Thursday, November 30, 2006

Old before my time


I've had a bad back since about the age of 16, my dad thinks it's caused by a paper round I had when I was 13, which he accompanied me on one Saturday morning, and then forbade me from doing it again once he found out how heavy the bag was. I think it's from being a waitress, carrying armfuls of heavy plates and huge trays piled high. It happened too long ago now to get compensation from either of these employers! Not that I would ever become that Americanized.
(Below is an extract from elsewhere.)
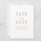 Save the Date White Gold Invitation. Elegant modern typography design. Antique gold colored text on white with the back featuring an original mixed media antique gold modern abstract artwork print. Personalise with your own text. A beautiful save the date design excellent for weddings, engagements, anniversaries, and other special occasions.
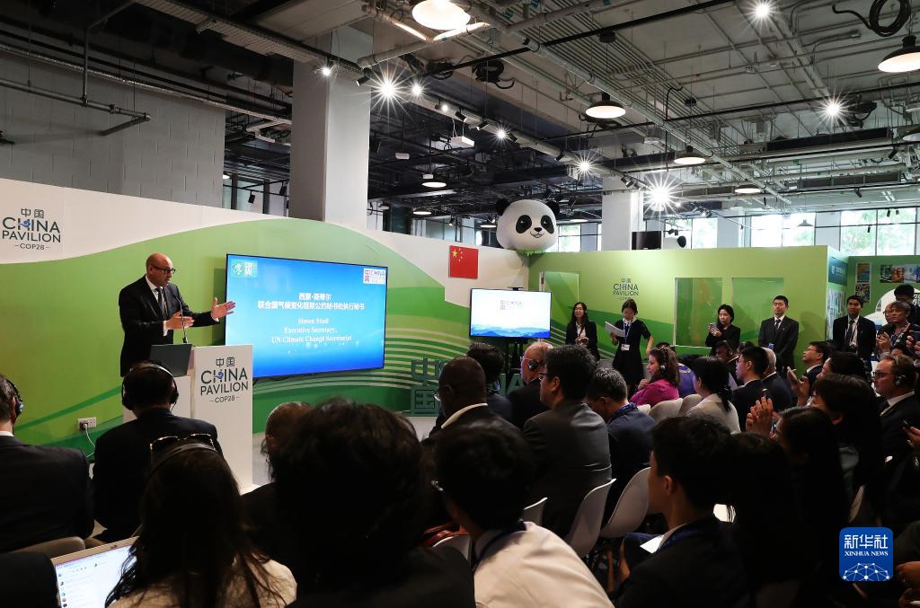 12月8日,在阿聯酋迪拜的COP28中國角,《聯合國氣候變化框架公約》秘書處執行秘書西蒙·斯蒂爾在“應對氣候變化南南合作高級別論壇”上發言。

So I have exercises that I do, twice a day, every day, just like brushing my teeth, and I have good days and bad days, and sometimes, bad weeks. I'm having a bad week this week. More than an hour sat at a computer and I'm close to tears. I fact, I'm kneeling as I write this, much more comfortable. It might sound strange, but on bad days, unloading the washing machine is unbearably strenuous, and I struggle to push open fire doors, I just kick them until they open.

I had uni yesterday, then had to go straight into work, and my back was really sore, tender, as though it had been bruised, not been that bad in almost a year. Shortly after I arrived at work, the office slowly empties, as people popped out on various errands. There is only one position I can be in that relives me of almost all the pain when I'm like this: lying flat on my back, on a carpeted floor. Pretending to work away, I became increasingly tempted by the new (ish) fluffy cream carpet in the office......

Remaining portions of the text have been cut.